Ojo: no es lo mismo desigualdad que diferencia. La diferencia (o diversidad, si nos remitimos al ámbito de la cultura) es algo digno de celebrar; la desigualdad, en cambio, es algo que merece problematizarse.

Dicen los que dicen que saben que las diferencias existen, ya sea porque vienen dadas de manera natural en razón de procesos biológico-genéticos, o porque se eligen con base en gustos o estilos particulares.

No ocurre lo mismo con la desigualdad: la desigualdad no es congénita, aunque pueda ser hereditaria.1 La desigualdad no es elegida. La desigualdad es un efecto que vemos evidenciarse más y más, conforme se exacerba el contraste entre quienes tienen demasiado y quienes tienen demasiado poco.

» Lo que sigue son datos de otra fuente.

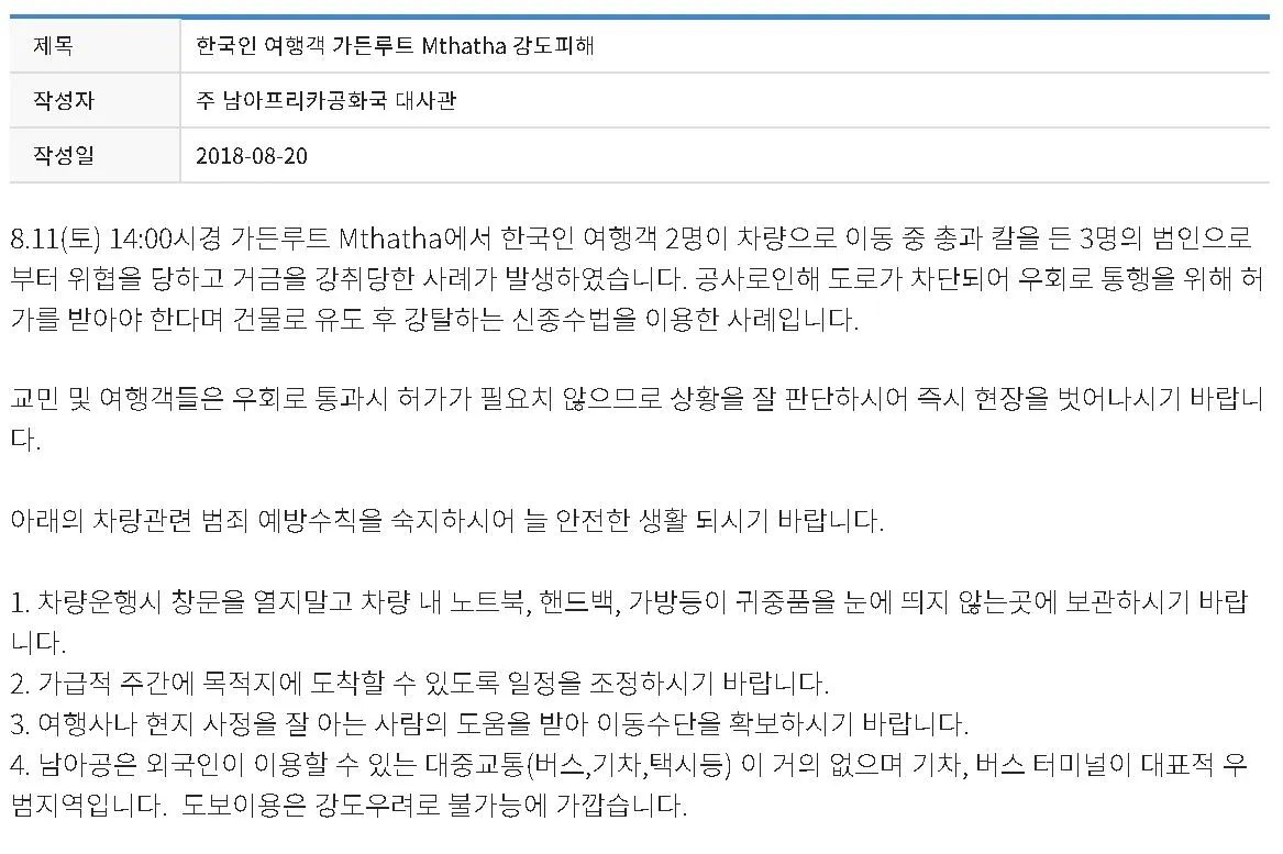 이번에 소개할 사건 또한 교묘하게 상황을 연출한 후 순간 강도로 돌변한 케이스로 2018년 8월, 남아공 이스턴케이프州 음타타에서 한국인 관광객을 대상으로 벌어진 사건이다. 범인들은 공사로 인해 막힌 도로를 우회하기 위해서는 통행 허가가 필요하다는 이유로 운전자에게 하차를 유도하고, 건물로 데려가 물품을 강탈했다.

Algunos estudiosos, economistas casi todos ellos, suelen relacionar la desigualdad con la pobreza. Al respecto cabría oponer que, si bien ambos fenómenos suelen ir de la mano, no se observa entre ellos principio alguno de causalidad; esto es: aunque de manera indirecta se entrelacen, ni la desigualdad es consecuencia directa de la pobreza, ni la pobreza es consecuencia únicamente de la desigualdad. Y es que la desigualdad no se relaciona sólo con el tamaño de la billetera: Estados Unidos es una federación nominalmente próspera que acusa, no obstante, niveles de desigualdad cada vez más agudos y una esperanza de vida (78 años) por debajo de la de Cuba (79 años), cuyo régimen socialista autoritario ha fallado en obtener para sí niveles aceptables de soberanía económica, energética y alimentaria, si bien por otra parte consiguió erradicar (que no sólo reducir, o mitigar) de su población la pobreza extrema desde hace décadas.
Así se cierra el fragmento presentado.